Fast analytics over fast data. Makes perfect sense, right? How about fast analytics over slow data? Doesn’t make so much sense, does it? But it does and it can be just as valuable. Here, RT Insights founder and Executive Editor Les Yeamans shares a new white paper written by Dr. Dale Skeen, cofounder and CTO of operation intelligence company Vitria Technology, Inc., that explains it all.
We’re bombarded with fast data every day. News, financial tickers and sensor data are three examples. Picture a waterfall. That’s fast data, and fast analytics helps us sort through and use that data in the most efficient way possible. Now picture a lawn sprinkler system which only releases water at preset intervals. That’s a system with a slower data cycle operating twice a day. Just as a lawn sprinkler system is crucial to keeping your favorite golf course green and pristine, slow data is valuable, too. In today’s Internet of Things (IoT), there’s a lot of this type of data being generated.
Let’s look at one example. Many utility companies now use smart meters which monitor a home’s electrical use and report it back to the company. These readings happen once an hour. On the surface, this seems fine and more than adequate to gather the usage data needed for billing purposes. Then a heat wave strikes and people start turning on air conditioners and fans. Naturally, this will cause a spike in usage – sometimes large enough to cause brownouts (or worse) because the utility company isn’t notified of the spike right away.

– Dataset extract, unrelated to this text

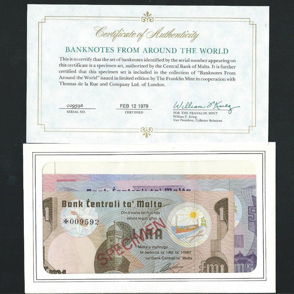 Malta (PCS1) 1- 10 Liri collector's specimen set, 1979, No 009592, Franklin Mint, UNC

This is where fast analytics over slow data comes in. While a utility company may have those meters set to report usage data once an hour, every individual meter is set to report its usage at a different time during that hour. With fast analytics, you can leverage that individual data with amazing results as shown in the white paper for a 15 million smart meter grid:
- Within five minutes into the data cycle, we can detect a variance from actual demand based on 1.25 million new readings
- Within 10 minutes into the data cycle, we can predict a shortage of capacity based on 2.5 million new readings
- Within 15 minutes into the data cycle, we can predict an energy shortfall with over 99 percent confidence level based on 3.75 million new readings and, given this high confidence level, start to spin up a generator to meet the surge in demand
- Within 45 minutes we can bring a new gas turbine online just in time to avoid brownouts or worse
Now we have serious value! By using fast analytics over slow data, problems and anomalies can be detected early and problems can be predicted before they happen so that a plan can be put into motion to prevent them.